Степан Злобин - Степан Разин
«И не так еще били Богдана, – возвращался он к старой и неотвязной мысли. – Искал Богдан новых путей. И мне поискать... Может, Волгой не лучший путь на Москву. Тяжела была Синбирская горка, а впереди-то Казань! Царь Иван Васильевич Грозный ходил под нее два раза, а с тех пор как укрепили ее! Не сразу возьмешь... А далее Нижний – богатых купцов полно. Устрашатся моих-то: все деньги свои отдадут воеводам, лишь бы город держали.
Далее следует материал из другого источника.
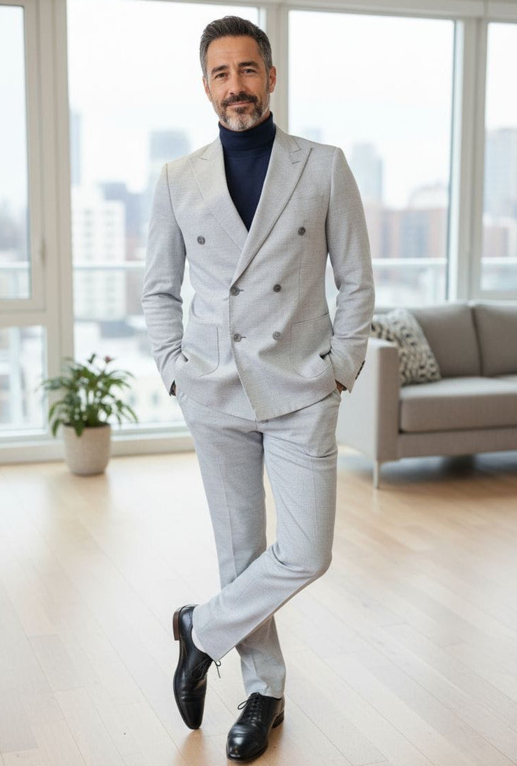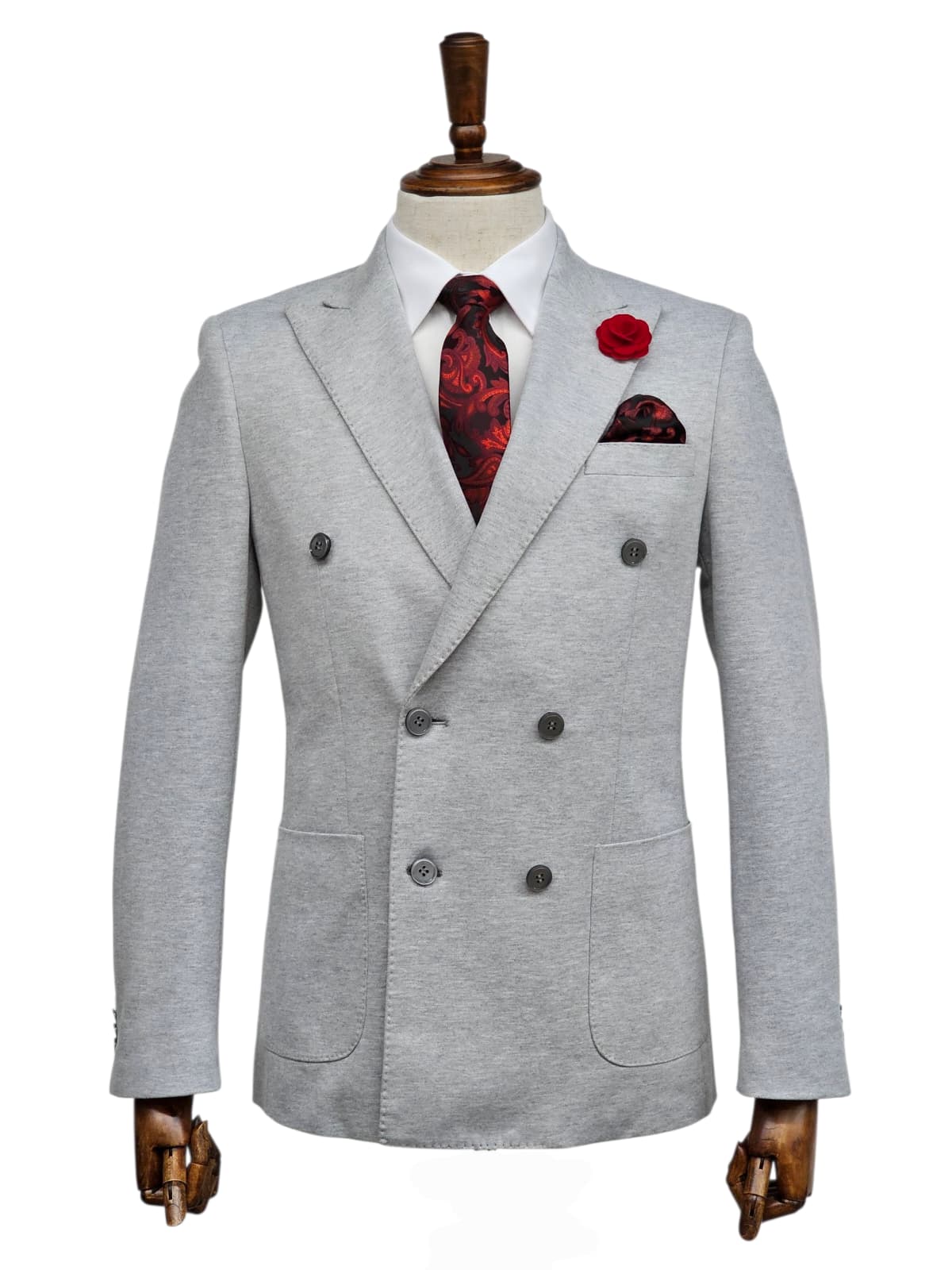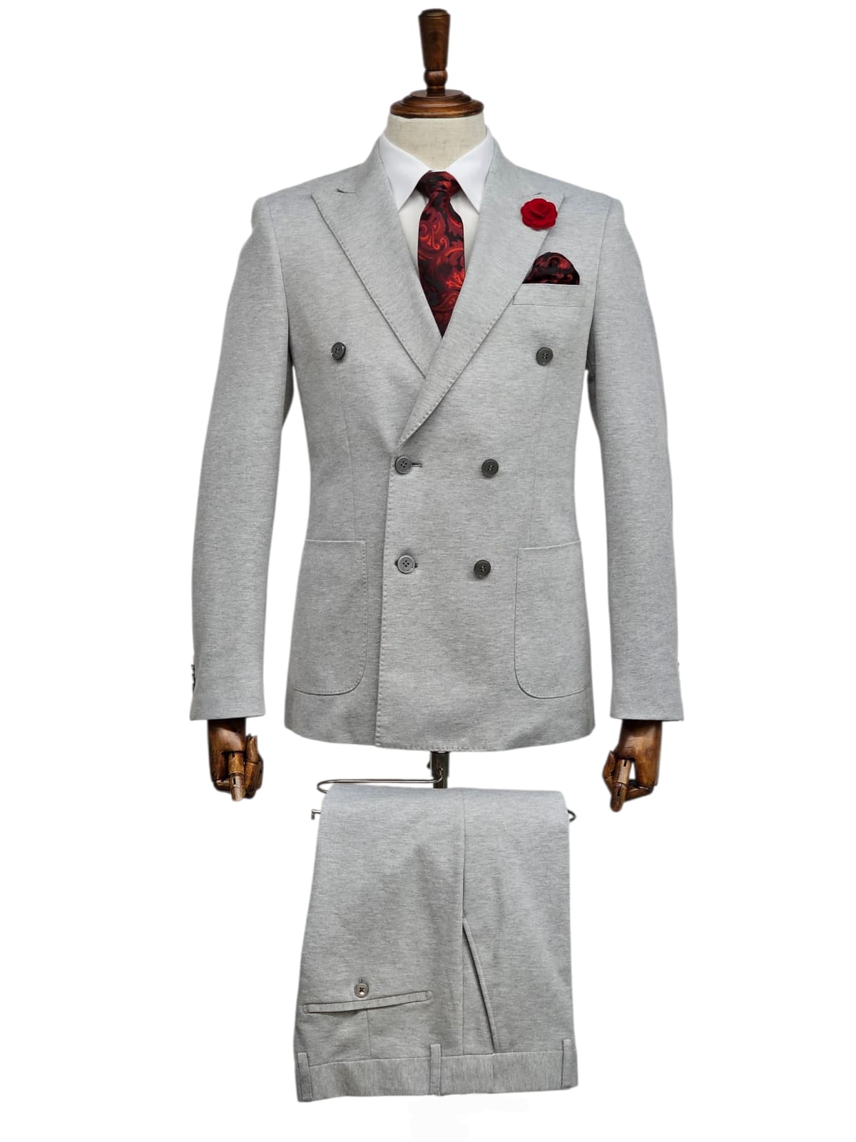 GIOVANNI TESTI , Slim Fit, 2 Piece Double Breast Suit with 6 Buttons. Peak Lapel and 2 Side Vents.

Дальше, сказывают, Владимир да Муром... Поди-ка пройди сквозь такую защиту больших городов!.. Каб иных доискаться путей!..»
В астраханской Приказной палате Степан взял большой воеводский чертеж Московского государства. Ему приходилось и прежде глядеть чертежи во время войны с Польшей. Теперь он велел Прокопу спросить про чертеж у Наумова. Наумов все еще избегал заходить к нему, но чертеж прислал.
Разин бережно развернул его перед собою, придвинув свечу, низко склонился к нему головой, разбирая реки и города.
«Вон ведь куды меня заносило! – раздумывал он, следя за изгибами Волги. – Да, густо тут городов... Силы много пойдет на каждый!.. А где взять иного пути? По Донцу прикинуть?.. И тут их немало – ишь, лепятся дружка на дружку!»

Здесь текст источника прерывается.